Generally, in an image forming apparatus using an electrophotographic method, two rollers called a fixing roller and a pressure roller are mainly constituted as means for permanently fixing toner on a recording medium. A so-called heat roller type fixing device is used. The surface of each of these rollers is made of elastic rubber, and the surface of the fixing roller, or the surface of the fixing roller and the pressure roller is 150 to 20 by a heater provided in the cavity of the cylindrical roller core metal.
It is heated to 0 ° C and controlled by a temperature detector.
Further, the fixing roller and the pressure roller are adapted to rotate at a constant speed while contacting each other by a constant pressure.
The recording medium on which the toner is transferred enters the nip portion between the fixing roller and the pressure roller with the toner bearing surface facing the fixing roller side, whereby heat and pressure are applied to the toner, and the toner on the recording medium is transferred. Fixing takes place.

In recent years, instead of the fixing roller, a ceramic heater is arranged through a thin film, and the recording medium on which the toner is transferred and the film material are fixed together by moving and passing through the heater position. Fixing devices are also widely used. Such a film heating type heating device is known in JP-A-63-313182, JP-A-2-157878, and the like, and has a lower heat capacity as a heating body than the above heat roller type fixing device. A linear heating element and a film material having a thickness of, for example, 40 μm
Since a thin heat resistant film material having a thickness of about m can be used, it is advantageous that the rise time to a predetermined fixing temperature can be shortened (quick start property) and power saving can be achieved.

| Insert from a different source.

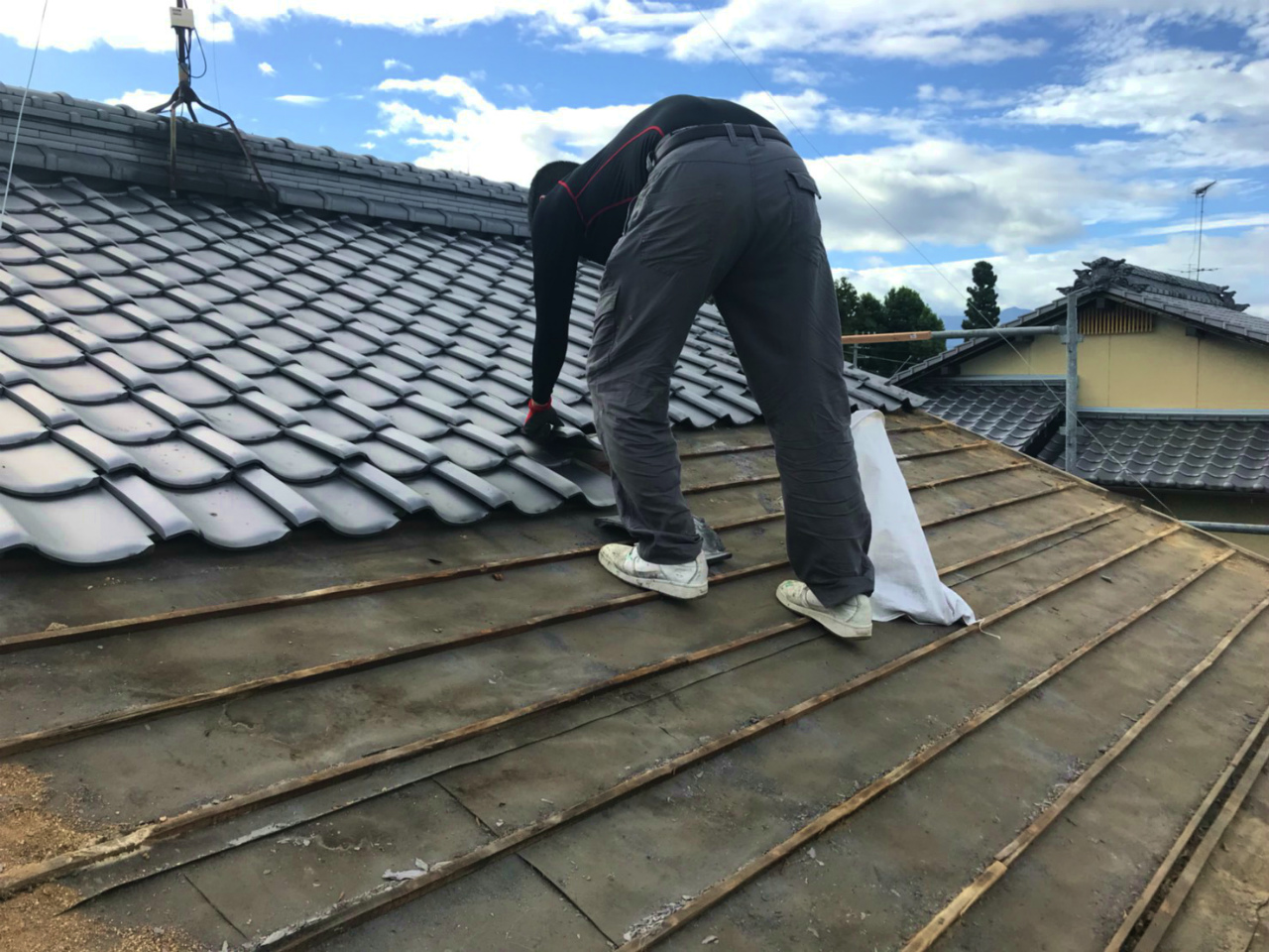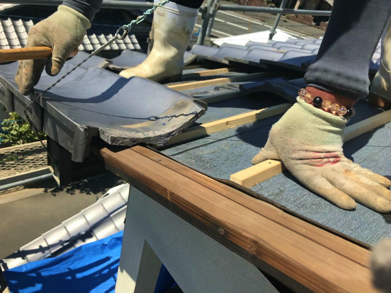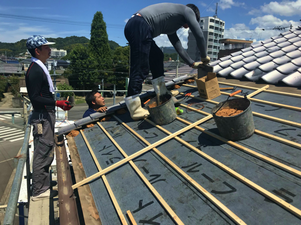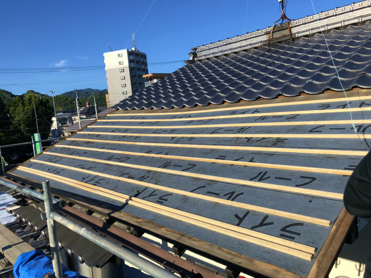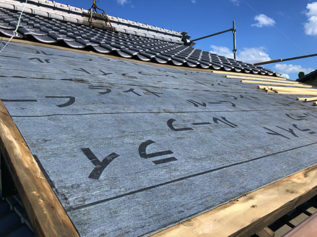 屋根の下地の上に瓦から漏れてきた雨水を家に侵入させないようにルーフィング(防水シート)を敷きます。その上に瓦を固定する横桟木を設置します。

FIG. 5 is a schematic diagram of an example of a film heating type fixing device using an endless film type film material.

Reference numeral 79 is an endless film type thin film heat-resistant film material (hereinafter, also simply referred to as a film), 78 is a film driving roller, 74 is a driven roller also serving as a film tension roller, and 75 is a heating body (thermal heater). Drive roller 78 and driven roller 7
4, the heating body 75 is arranged substantially parallel to each other in the axial direction, and the endless film 79 is composed of these three members 78, 74,
It is stretched between 75.

Both ends of the drive roller 78 and the driven roller 74 are rotatably supported by bearings between bearing members (not shown). The heating body 75 is a fixing member fixedly supported by a heater support serving as an immovable member. Drive roller 78
Is driven to rotate clockwise in the drawing by a drive system (not shown), and the endless film 79 is given a conveying force by the frictional force between the outer peripheral surface of the drive roller 78 and the inner surface of the film as the drive roller 78 is rotationally driven. While the inner surface of the film slides on the lower surface of the heating body 75, the inner surface of the film is rotationally moved between the drive roller 78, the driven roller 74 and the heating body 75 in the clockwise direction of arrow a in the drawing.

Reference numeral 72 denotes a pressure roller having a rubber elastic layer having a good releasability such as silicon rubber. A film 79 is sandwiched between the lower surface of the heating body 75 and an unillustrated urging means such as a total pressure. The endless film 79 is pressed against the lower surface of the heating body with a contact pressure of 4 to 8 kg, and rotates in the forward direction with respect to the rotation direction of the film at the same peripheral speed as the rotation speed of the film as the endless film 79 rotates.

The endless film 79 has a total thickness of 100 μm.
m, more preferably less than 40 μm, a single-layer or multi-layer film material having heat resistance, good thermal conductivity, low heat capacity, releasability, mechanical strength, durability and the like. As an example of the film structure, FIG. 6 shows the layer structure of the film 79. 79
Reference numeral 1 denotes polyimide (PI), which is a heat-resistant layer as a base layer (base film) of the film, and 792 is a release layer laminated on the outer surface (the surface facing the toner image) of the heat-resistant layer 791, which is made of a fluororesin. It

The heating element 75 is a linear heating element having a low heat capacity and having the longitudinal direction in the axial direction of the endless film 79 (the direction orthogonal to the rotational movement direction a of the endless film, hereinafter referred to as the film width direction) and generating heat when energized. . As an example, a heater substrate, and an energization heating element layer formed in a strip shape or a linear shape along the length in a substantially central portion of the lower surface of the substrate,
The lower surface of the substrate including the energization heating element layer is covered with a heat-resistant glass as a surface protection layer having a thickness of about 10 μm, and the temperature sensing element 76 provided on the upper surface of the substrate controls energization of the heating element layer. The temperature of the heating element is controlled to a predetermined temperature.

The heating element 75 has a small overall heat capacity, and the temperature of the heater at the pressure contact portion reaches the temperature at which the toner on the recording material P can be fixed in a short time (quick start property). (Standby temperature control) It is not necessary to keep it in advance, energy saving can be realized, and the temperature rise inside the machine can be prevented.

[0012]

However, the above-mentioned film heating type fixing device has the following problems.

1. Since the pressure is applied via the heater, the pressure cannot be increased from the strength of the heater, and fixing failure occurs due to insufficient pressure. Further, when fixing a color image in which a large amount of toner is loaded, the recording medium and toner are separated due to insufficient pressure.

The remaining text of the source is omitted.